Work request
The copy you return should hold only the lines from the top of the data below through the line with "New solid bolus", each duplicated exactly and with no pictures.

Dataset excerpt
>>>>>

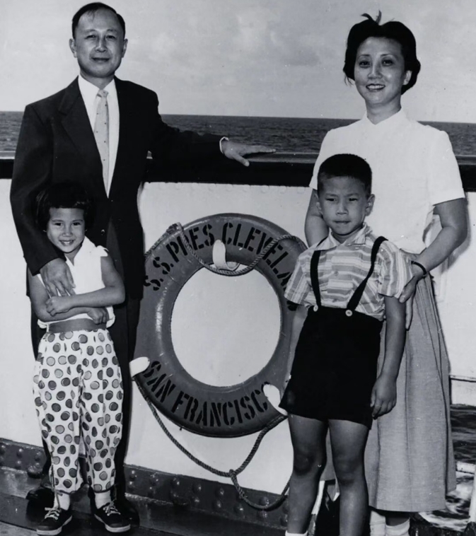 1955年钱学森一家启程回国时留影。图片来源:钱学森图书馆
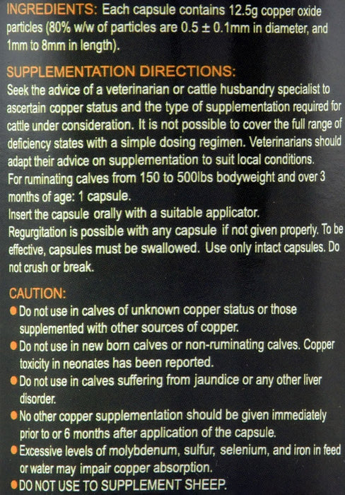 New solid bolus (not a capsule) containing 30 grams of slowly released copper oxide. Adult cattle over 500 lbs - Administer 1 bolus orally with a balling gun. Adult cattle in situations of very low copper status may be given 2 boluses. Administer only intact boluses, do not crush or break. Consult with your veterinarian to determine the copper status and the type of supplementation needed.
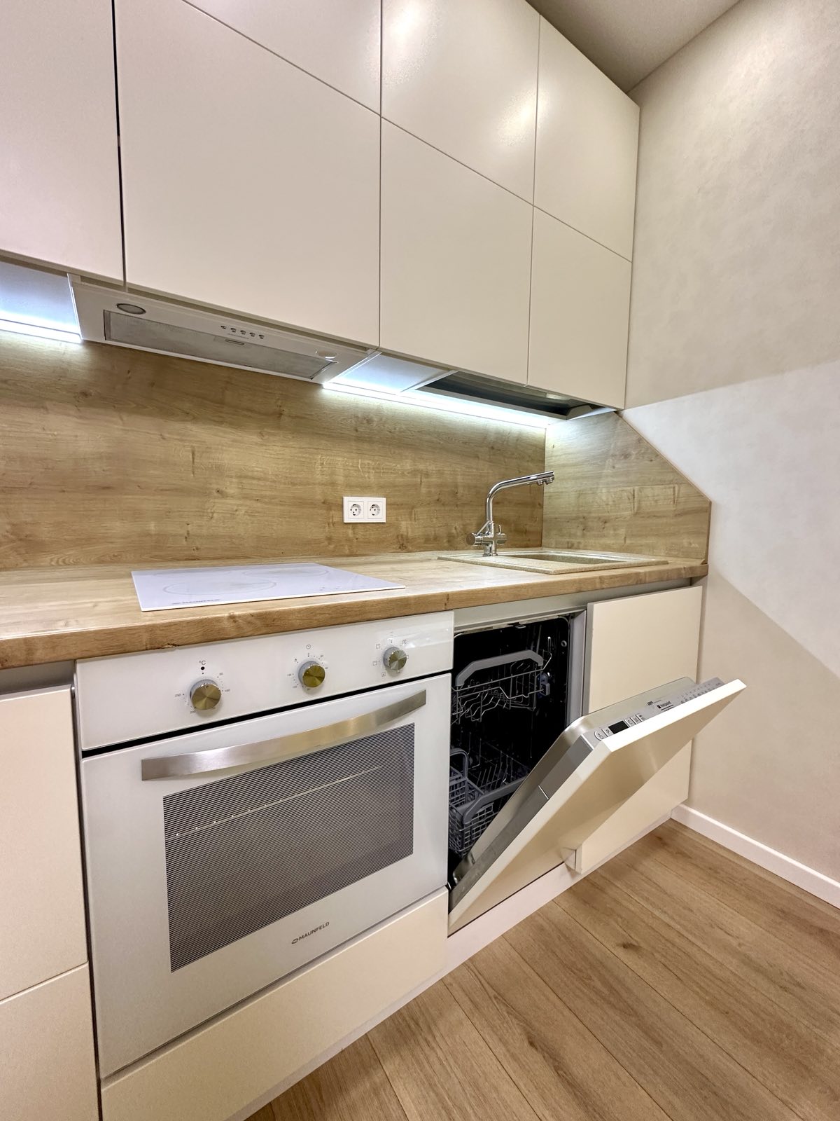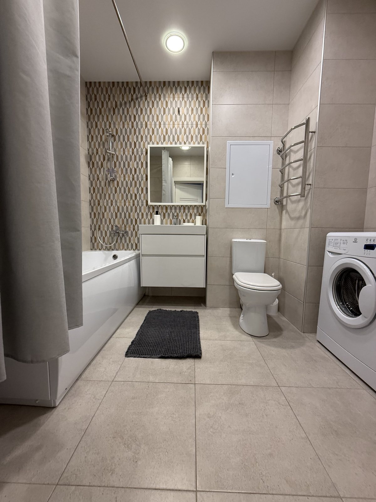 Имеется все необходимое для проживания: Wi-Fi, TV, ПММ стиральная машина, СВЧ, фен, утюг, посуда.

<<<<<

Exercise output
 1955年钱学森一家启程回国时留影。图片来源:钱学森图书馆
 New solid bolus (not a capsule) containing 30 grams of slowly released copper oxide. Adult cattle over 500 lbs - Administer 1 bolus orally with a balling gun. Adult cattle in situations of very low copper status may be given 2 boluses. Administer only intact boluses, do not crush or break. Consult with your veterinarian to determine the copper status and the type of supplementation needed.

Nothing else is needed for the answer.